Editorial: Can we be frank?
In the aftermath of the did he/didn’t he resign fallout regarding Mammoth Unified School District Superintendent Frank Romero, one interesting discrepancy was pointed out to me in the case as presented.
In the story which appeared in the Fifty Center, Romero said he denied talking to anyone about a possible resignation.
This contradicts the statements of several people, including Mammoth Education Association (MEA) Union President Jeanne Oakeshott. In a Sept. 24 email to her union colleagues, Oakeshott wrote: “It has been brought to my attention that there has been some kind of problem between the MUSD School Board and our superintendent/principal, Dr. Frank Romero, and he has said he is resigning. I spoke to him personally and he would not go into the details of the conflict. He has said that he feels he has no choice but to resign.”
When The Sheet asked Romero about the discrepancy inherent in his statement to the press in relation to emails (such as Oakeshott’s) which went around asserting he was planning to resign, Romero said, “A number of emails came across my desk. None of them were true.”
He stood by his statement in the paper.
Which would appear to indicate he’s calling Oakeshott a liar.
Furthermore, Romero said he did not canvass people in an effort to seek a longer-term contract (his current two year contract comes up for review in January and expires in June).
Romero said he had envisioned staying in Mammoth for anywhere between 5 and 10 years, but did not consider Mammoth a “last stop.”
In regard to the resignation debacle, Romero said, “It’s one thing to talk about it [submitting a resignation] and another thing to do it. That’s not a good way to build a relationship with a [School] Board … but I don’t see it as such a big deal.”
“The kids are the only thing that I focus on. I’m not thinking about myself.” Romero added that by serving as Elementary School Principal in addition to his job as Superintendent, this allowed the District to avoid layoffs and save two teaching positions.
When The Sheet contacted Oakeshott for a response, the following is what she had to say: “I really don’t care about who told whom what and when about Frank resigning. This is not the ‘big news’ in my opinion. Like you quoted me saying in your paper, I think our focus should be on how we are going to save our schools during the next horrendous round of [budget] cuts.”
Which is a fair point, but if the Superintendent of Schools has a problem telling the truth, what kind of example does that set for staff as well as students?
Kathy Cage, who has two children in the school district, said that Romero told her he’d submitted his resignation, and said he told her right away because ‘I don’t want you to hear it from someplace else.’ If it’s a question of he said/she said, Cage said she’d put her “credibility on the line for this one.”
Claire Roy said the main reason she removed her daughter Allison from Mammoth High School after her sophomore year was because of the poor leadership at the school’s administrative level.
At the beginning of the current school year, Roy said she was approached by parents who had students at the high school who were similarly dissatisfied with that same poor leadership.
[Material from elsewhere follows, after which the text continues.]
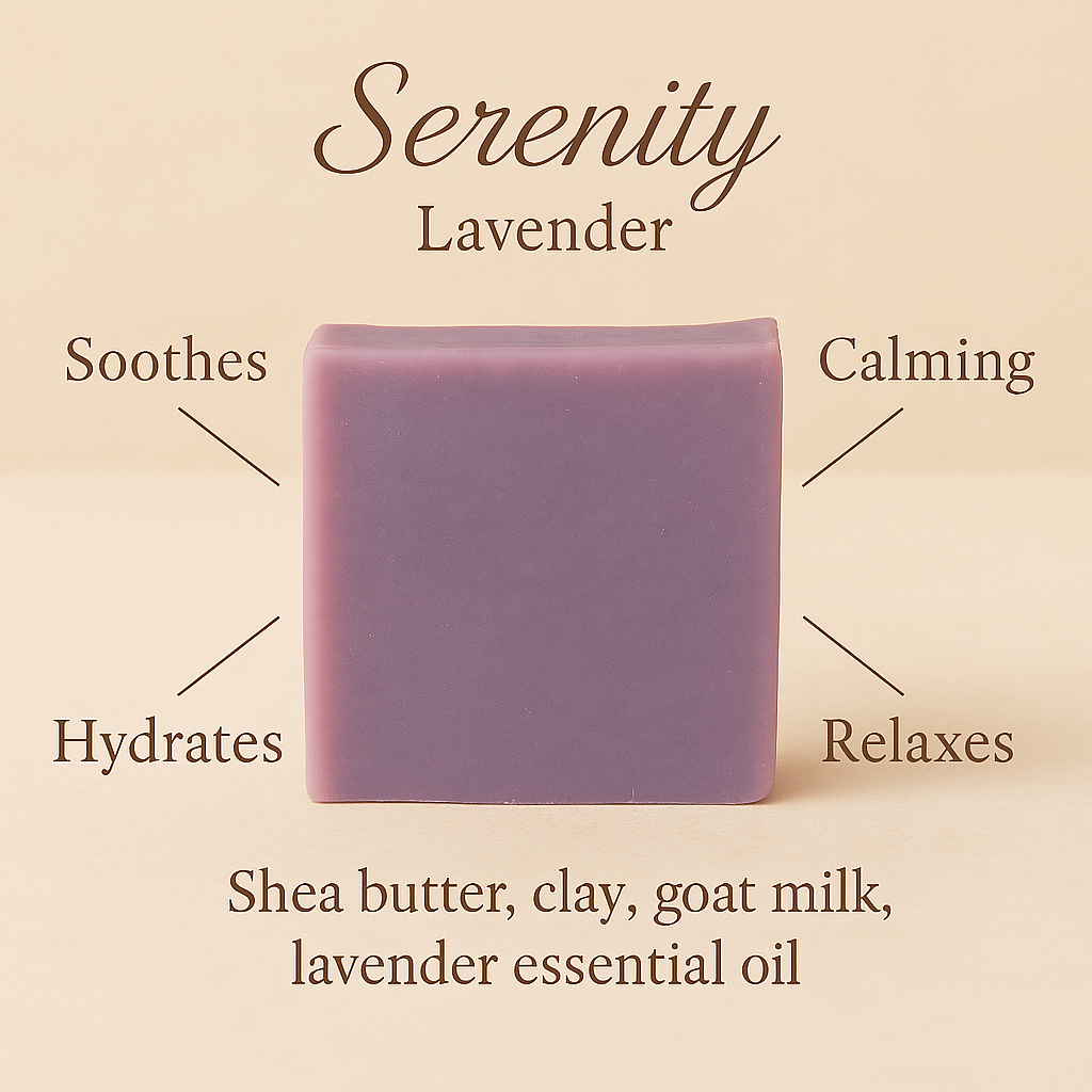 Soothe your skin and senses with Serenity, a handmade lavender soap crafted for moments of self-care and calm. Enriched with nourishing oils and pure lavender essential oil, this gentle bar cleanses without drying and leaves your skin soft, hydrated, and delicately scented.

These parents asked Roy if she would talk to Frank Romero on their behalf.
But according to Roy, when she talked to a few friends about her intentions of going in to inform Romero of the dissatisfaction of parents, teachers and coaches alike, they stated that they had already talked to Romero. To each, he gave the same response, which was a variation on the following: I’m so glad you came in to talk to me. You’re the first person who’s come in to talk to me about the problems at the high school.
All Roy could think was, each one was the first?
“It again reminded me of why I had removed Allison from the high school. The education my children received in the Mammoth Elementary and Mammoth Middle schools here was award-winning. But that was due to the incredible leadership they had at those schools. Most of the teachers at the high school are incredible, but this newest ‘leadership’ and the reaction of the superintendent was a sign to me that MHS was continuing on a slippery slope of department fragmentation, lack of options, and lack of school pride. I didn’t bother to schedule a meeting with Romero after that.”